A dualidade de critérios tem ainda outro aspecto: a avaliação dos fatores externos que interferem no desenvolvimento dos países. Nos primeiros discursos dessa Cúpula, o presidente do governo espanhol, Rodríguez Zapatero, criticou aqueles que invocam fatores externos para encobrir sua incapacidade de desenvolver países. Era uma alusão à crítica ao imperialismo norte-americano.

Tanto Zapatero quanto o rei ficaram particularmente irritados com as críticas às multinacionais espanholas (busca desenfreada de lucro e interferência na vida política dos países), feitas em diferentes tons pelos presidentes da Venezuela, Nicarágua, Equador, Bolívia e Argentina. Ou seja, os presidentes legítimos das ex-colônias foram mandados calar a boca, mas, na verdade, não calaram, lembra.

E mais ou menos algo semelhante aconteceu neste 2022, quando o presidente mexicano Andrés Manuel López Obrador criticou as empresas espanholas que saqueiam o povo mexicano. Juan Fernández Trigo, secretário de Estado espanhol para a Ibero-América, disse que o governo liderado por Pedro Sánchez vai reagir muito claramente contra a reforma energética promovida por López Obrador, pelo menos em relação à retroatividade que pode afetar as multinacionais com geração de energia projetos.

O celeiro e a fome

O suprimento de alimentos está prestes a falir como os bancos fizeram em 2008. Os grandes produtores de alimentos têm muito poder e os reguladores mal entendem o que está acontecendo. O sistema alimentar mundial está começando a se assemelhar ao sistema financeiro global como era no início de 2008.

A imprensa hegemônica considerou então que a falência financeira foi devastadora para o bem-estar humano, mas hoje parece que o colapso do sistema alimentar não merece sequer uma reflexão sobre a escalada dos preços dos alimentos, talvez o último sinal de instabilidade sistêmica.

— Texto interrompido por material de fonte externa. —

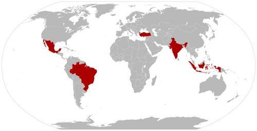 | Keywords: TIMBI.svg en The TIMBI countries Turkey India Mexico Brazil and Indonesia; are a concept proposed to replace the concept of BRICs due to a slowdown in economic and population growth in Russia and China Self based on File BlankMap-World6 svg User Quintucket based on work by User Canuckguy and others 2013-06-16 Economic maps of the world Membership maps of the world Blank maps showing current or potential superpowers | ||||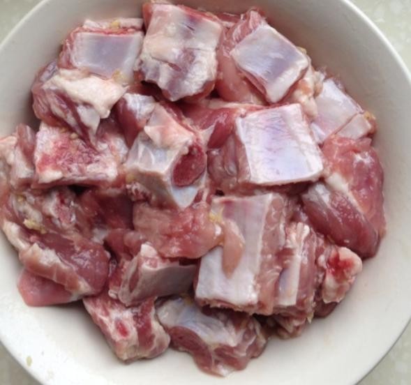 步骤一:将排骨用清水洗干净,锅中放入清水烧开,将其倒入锅中煮半个小时左右,捞出放入碗中,将料酒,生抽分别一勺,老抽半勺,两勺香醋放入碗中进行腌制20分钟左右。

Muitas pessoas assumem que a crise alimentar foi causada pela combinação da pandemia e da invasão da Ucrânia. A fome vem aumentando para atingir 811 milhões de pessoas em 2020. Com certeza este ano será muito pior. A comida está se tornando inacessível mesmo para muitas pessoas nos países ricos da Europa e nos EUA. O impacto nos países mais pobres é muito pior.

O Programa Alimentar Mundial (PMA) alertou que o número de pessoas com insegurança alimentar grave na América Latina e no Caribe aumentou em mais de meio milhão e agora totaliza quase dez milhões.

Mas também milhões de pessoas já são empurradas para a pobreza e a insegurança alimentar nos países europeus, o que se agravará se o conflito na Ucrânia continuar, o que gerou um aumento nos custos das matérias-primas e da energia. Uma das respostas geridas pela UE é garantir o abastecimento do celeiro do mundo, a América Latina.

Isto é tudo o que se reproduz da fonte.